The Arlington Microgrid project is funded in part by a $3.5 million grid modernization grant from the Clean Energy Fund, noted Washington State Department of Commerce Managing Director Jennifer Grove.
“We’re excited to support projects like this that demonstrate how clean energy technologies such as battery storage and solar can work together to provide the community with renewable energy and grid resilience.
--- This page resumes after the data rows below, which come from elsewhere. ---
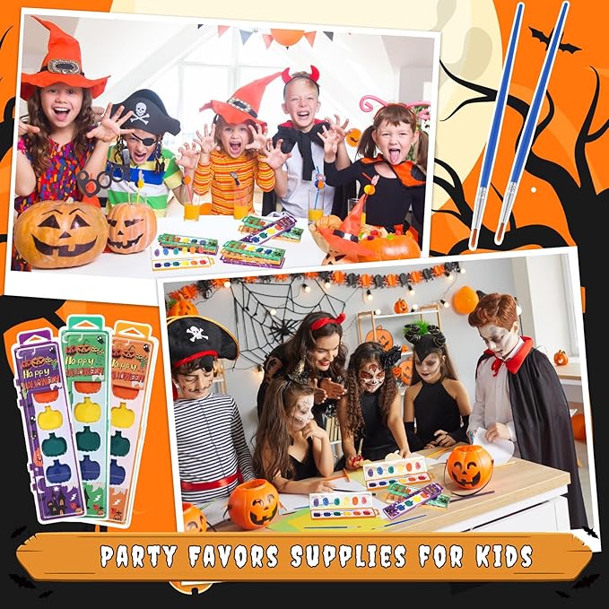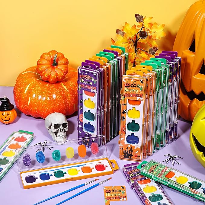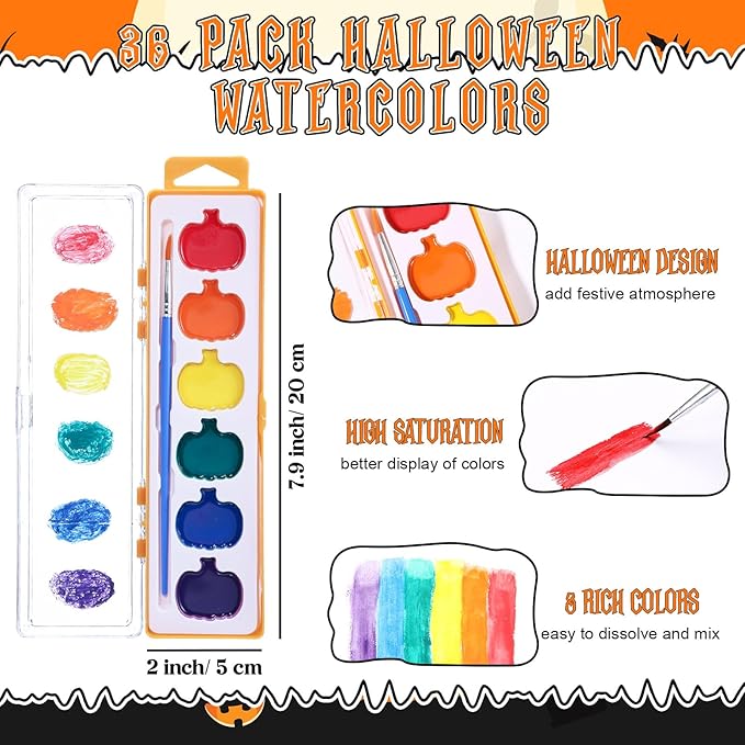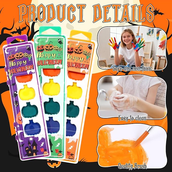 - Exquisite Design: our washable watercolors paint set for kids design elements are colorful and interesting, the paint box has a total of 3 colors, each palette is designed in the shape of a pumpkin, and comes with a Halloween theme card, which can be Makes it an ideal choice for school theme parties or first day celebrations
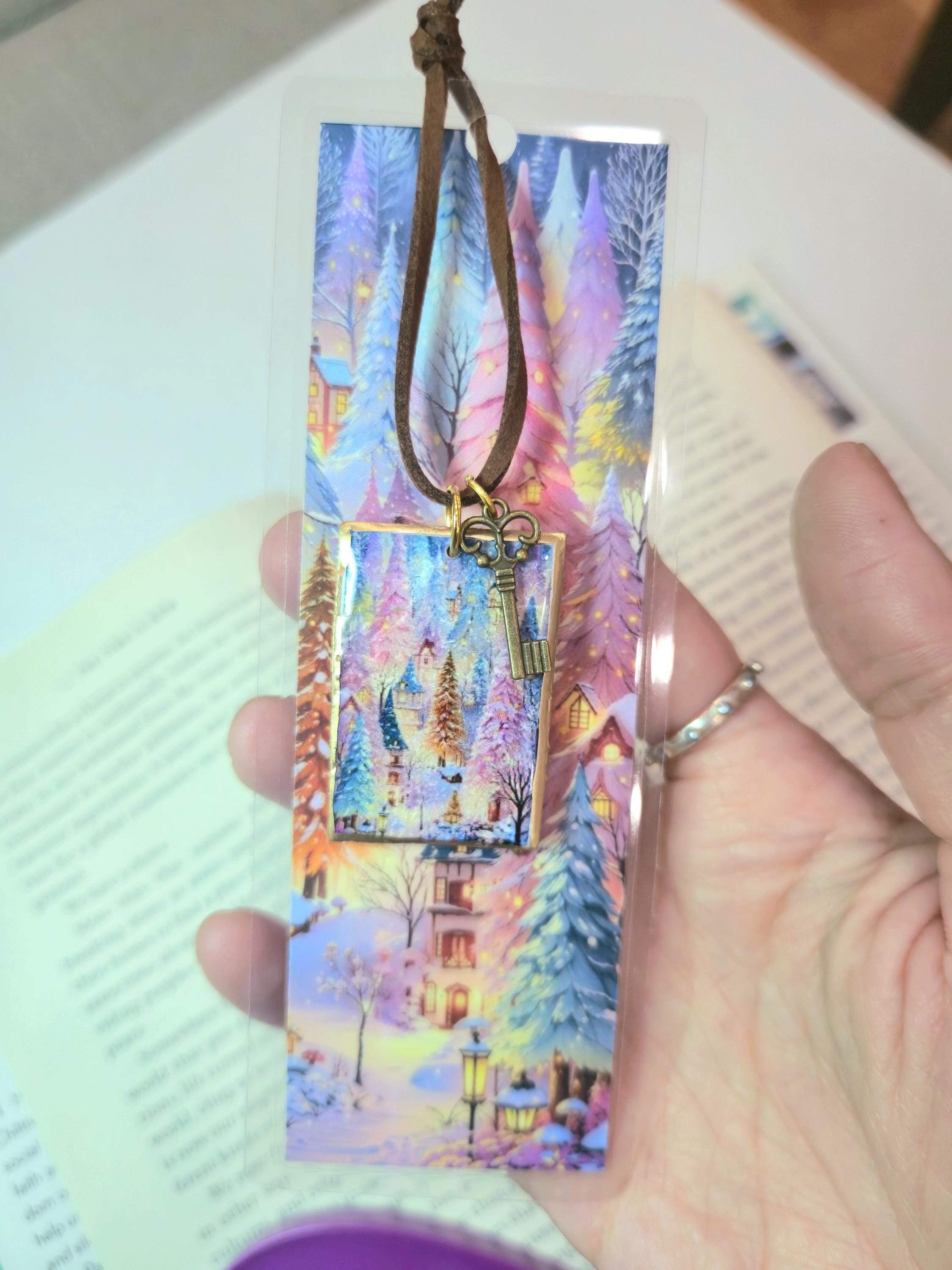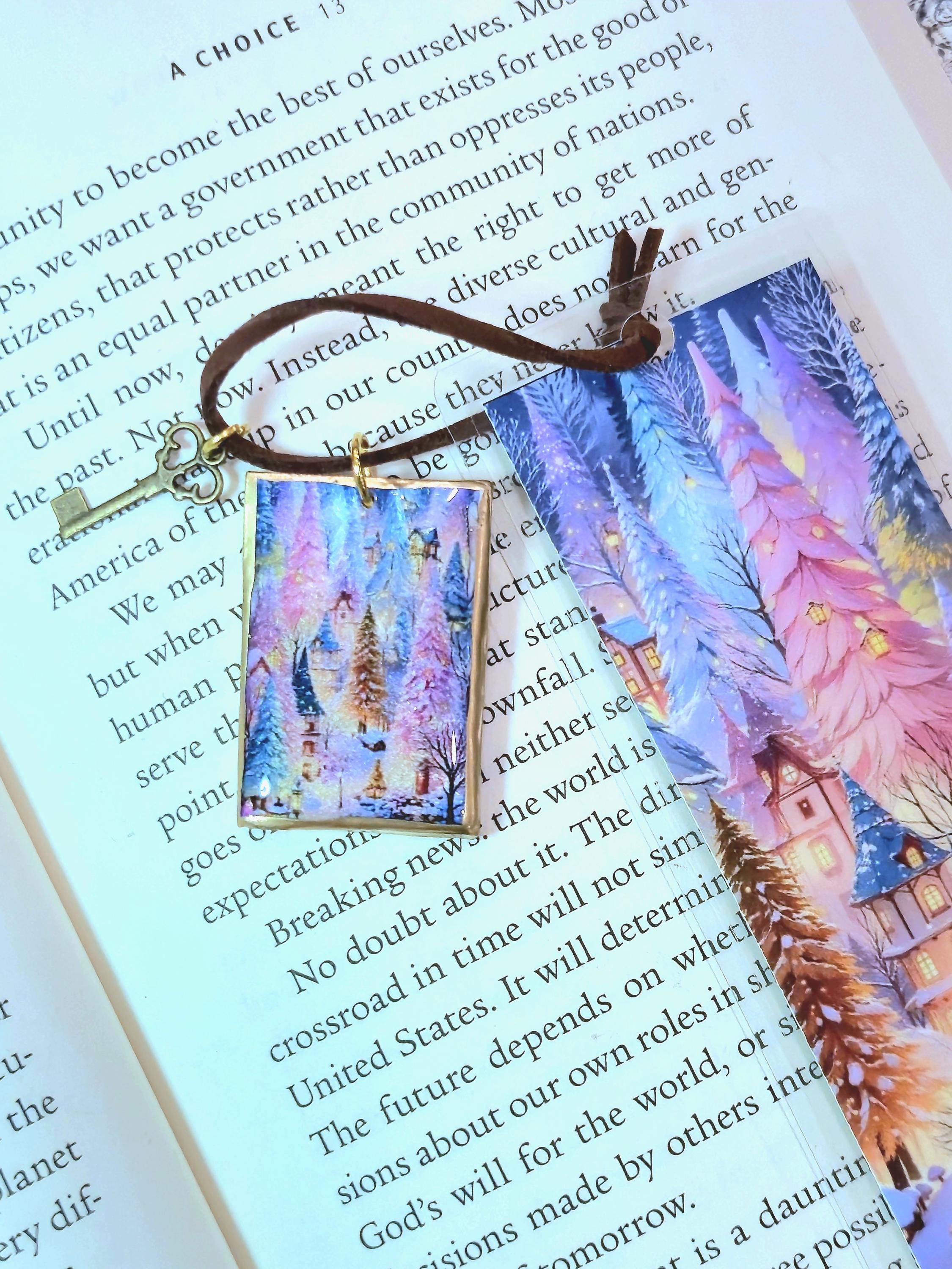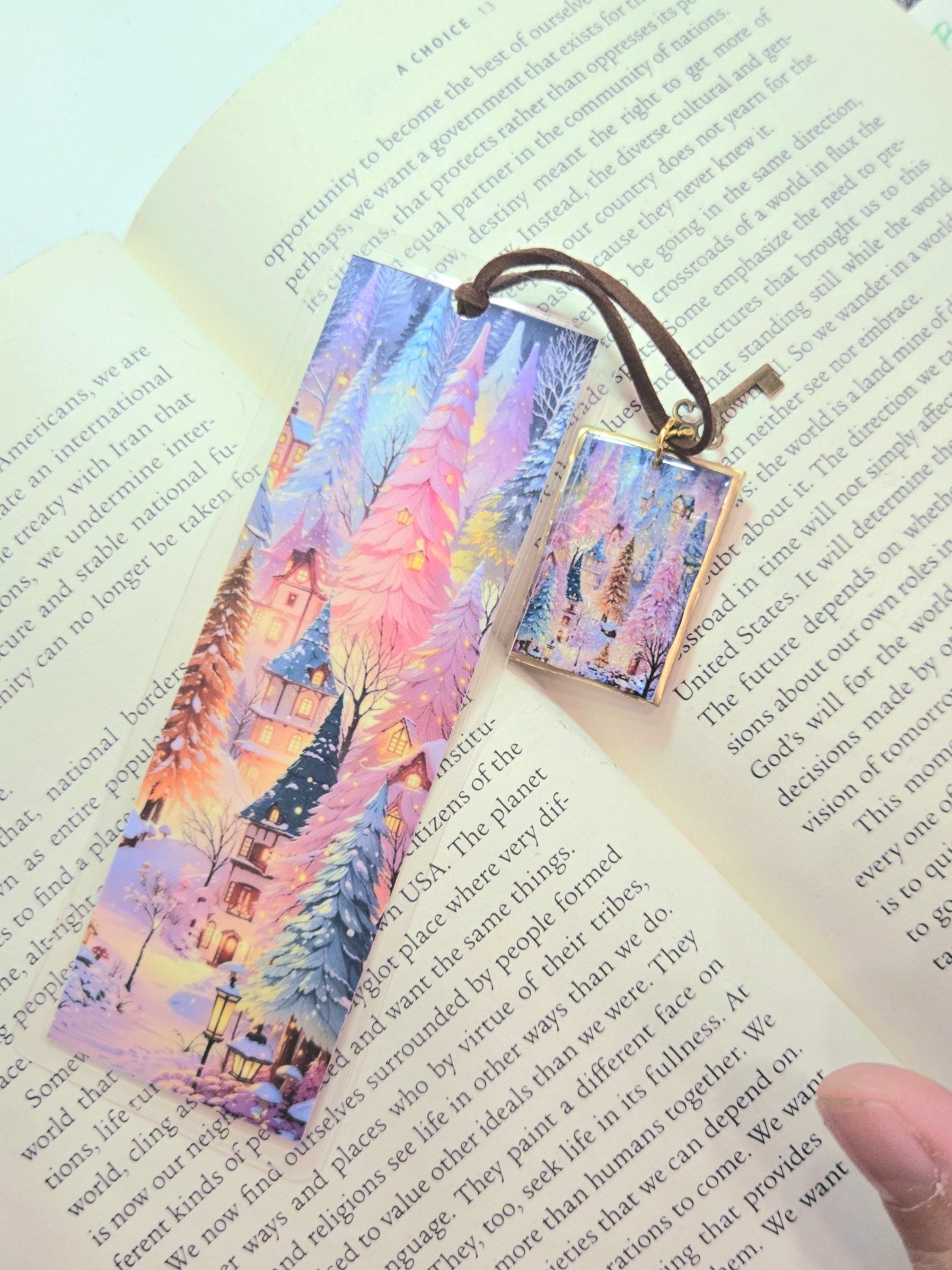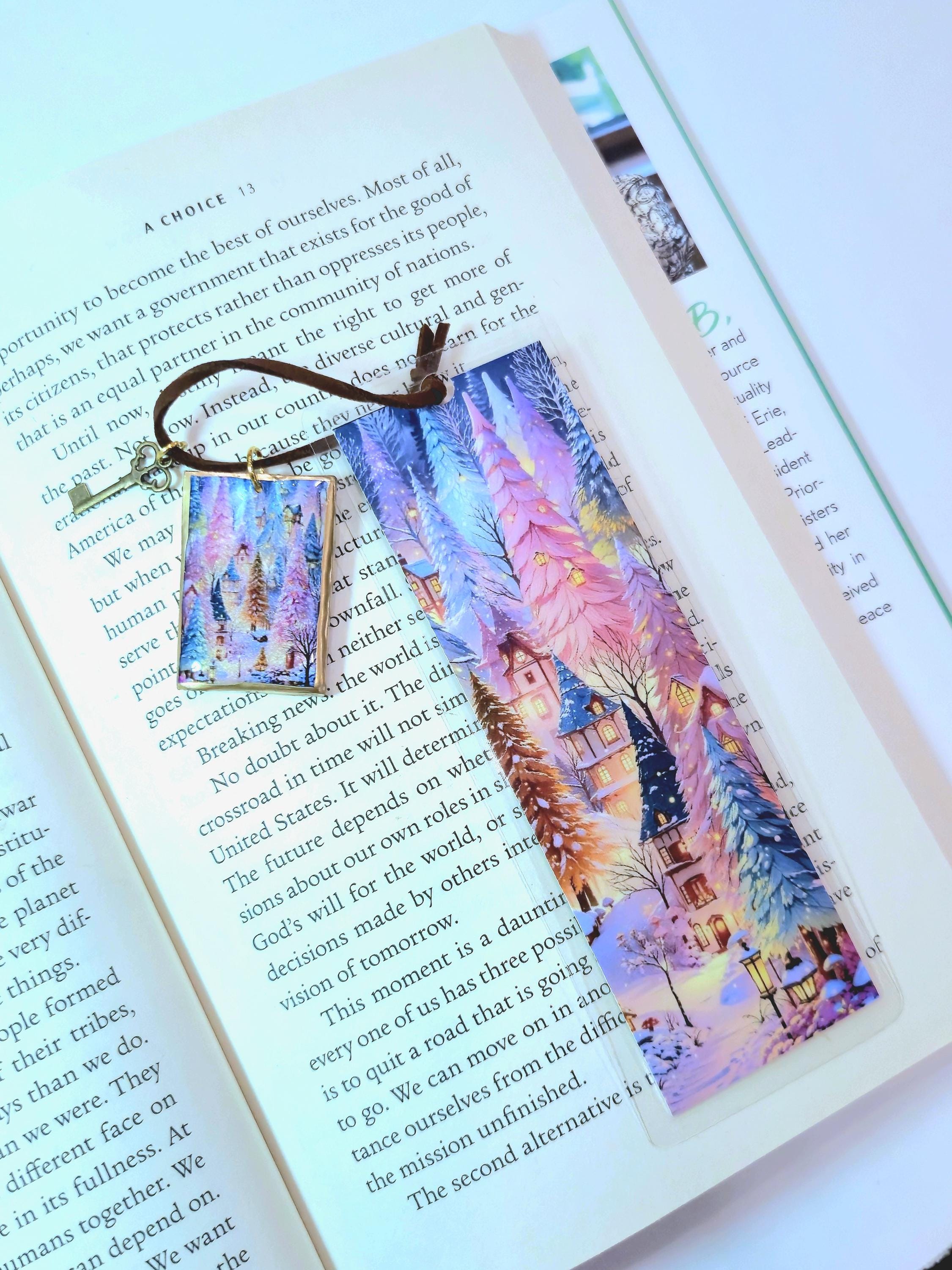 This handmade bookmark feels like stepping into a winter fairytale—soft glowing houses nestled among tall pastel trees, gentle snowfall, and warm lights shining through the forest. It’s designed for readers who love magical worlds, quiet evenings, and books that feel like an escape.
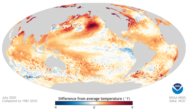 July 2020 sea surface temperature departure from the 1981-2010 average. Image from Data Snapshots on Climate.gov.
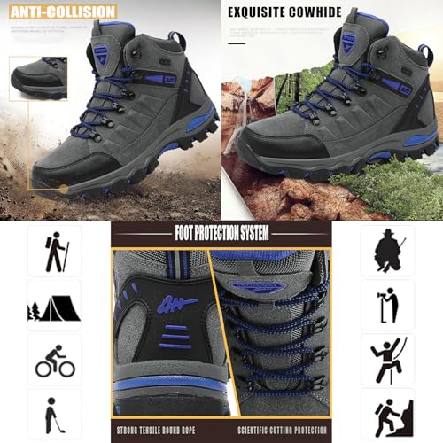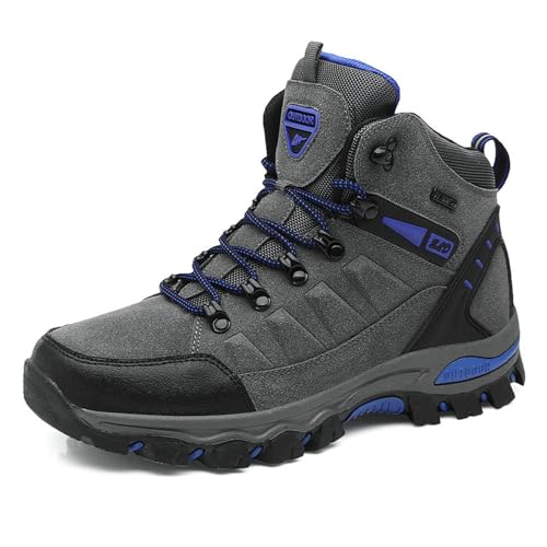 Hiking Boots Lace-up Waterproof Non-Slip Outdoor Sports Men Women Mountain Trekking Shoes for All Season Walking Travelling Backpacking Camping Biking, Grey-1, 6 UK
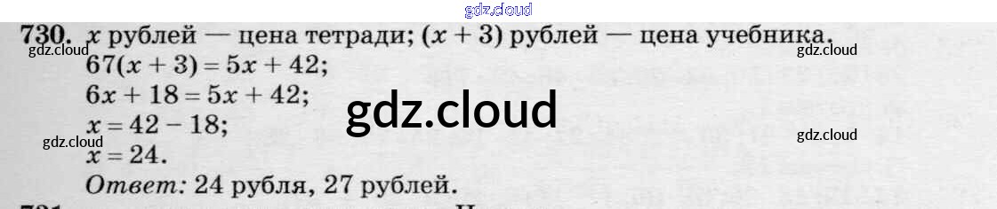 Ответ на задание 730 Учебник Математика за 6 (шестой) класс Зубарева, Мордкович 2015
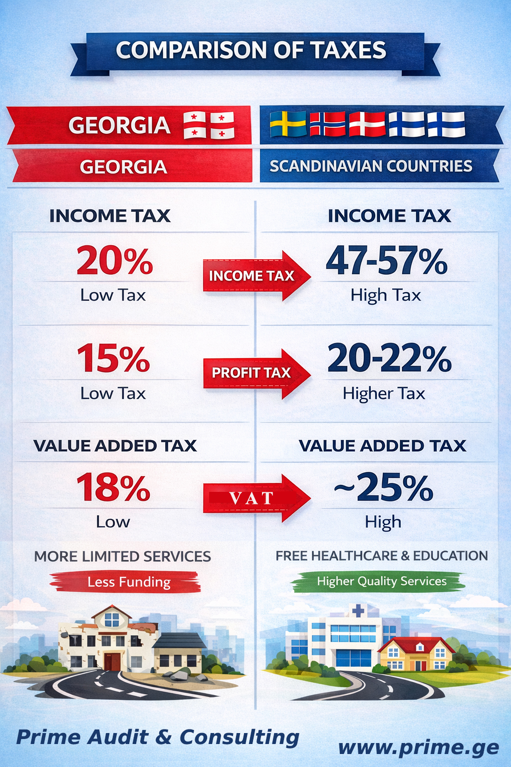 მეტი თვალსაჩინოებისთვის, საქართველო გადასახადების მხრივ შევადაროთ სკანდინავიურ ქვეყნებს. იქ გადასახადები ბევრად უფრო მაღალია, თუმცა ფასები და სერვისები მოსახლეობისთვის ხელმისაწვდომია, რადგან ბაზარი კონკურენტულია, სახელმწიფო ეფექტურად მართავს ფისკალურ პოლიტიკას, ხოლო ანტიმონოპოლიური ზომები მკაცრად უზრუნველყოფილია. სხვა სიტყვებით, მაღალი გადასახადები არა მხოლოდ ეკონომიკისთვის, არამედ მოსახლეობისთვისაც ხელსაყრელია, თუ არსებობს კონკურენცია და ეფექტური სახელმწიფო კონტროლი.
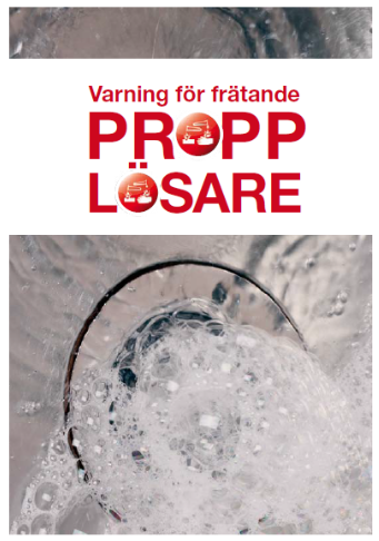 Informationsblad från Giftinformationscentralen, Kemikalieinspektionen och Arbetsmiljöverket om riskerna med frätande propplösare. Broschyren innehåller bland annat tips för att förebygga stopp i avloppet och andra alternativ för avloppsrengöring samt råd för första hjälpen om olyckan är framme.

Commerce is accepting applications for the next round of grid modernization grants through 5 p.m. on May 18, with a focus on funding and technical assistance for earlier-stage planning and design efforts,” she said.
Inslee was interested in the progress of the project, Swaney said.
The microgrid is a very unique project, Swaney pointed out. “More than just a ‘microgrid,’ the innovative project is designed to demonstrate the multiple uses of energy storage: grid resiliency, renewable energy integration, grid support and electric vehicle integration,” Swaney said.
On top of that, the microgrid “could play a critical role in helping the PUD restore power in the case of a devastating earthquake in our region,” he said.
The area where the microgrid is built is near the Arlington Airport and a growing hub of industrial and commercial activity, including the recently announced development of a large Amazon facility.
Inslee received a brief tour of the different elements that make the microgrid unique:
- The Clean Energy Center, an educational hub that will host students and industry workers wanting to learn about the project;
- The Vehicle-to-Grid charging system;
- The 1 MW/1.4 MWh lithium-ion battery storage system; and
- A PUD 500-kilowatt Community Solar array.
PUD Arlington Microgrid Project Manager Scott Gibson led the tour of the V2G and battery storage system, while Community Solar Project Manager Suzy Oversvee talked about the PUD’s investment in Community Solar.
Inslee also chatted and joked with four members of a PUD Substation Construction crew who helped build the microgrid, Swaney said.
Swaney said that the project is undergoing testing and commissioning and should be fully operational by early July. “We are anticipating hosting a virtual ribbon cutting in late August,” he said.
There are many aspects of the project that are innovative, but three are truly unique and being studied closely, he said.
The pair of Mitsubishi Electric V2G chargers on site are one of the first utility deployed (non-demonstration) projects of its kind in the U.S. Nissan is a partner and Pacific Northwest National Laboratories is studying the use of V2G technology.
Second, the Hitachi-ABB PowerGrid’s Grid Forming Inverter helps ensure there is no power loss during the battery’s transition from powering the grid to acting like a generator to power the facilities on site. The University of Texas is studying the Grid Forming Inverter.
Finally, the PUD collaborated with several parties including Burns & McDonnell, Pacific Northwest National Laboratory (PNNL), MESA Alliance, other utilities, and the Arlington Fire Department (AFD) to create a battery storage system that maximizes functionality and safety.
“The battery fire suppression system was a great collaboration between PNNL and the AFD to create a system that is arguably the safest in the country if not the world,” Swaney said.
“We are planning to use this system to provide back-up power to a future office being constructed on the site (anticipated completion 2023),” said Gibson. “We are currently testing the system on the recently completed Clean Energy Center so that when it comes time to connect to the new office – we know that everything works.”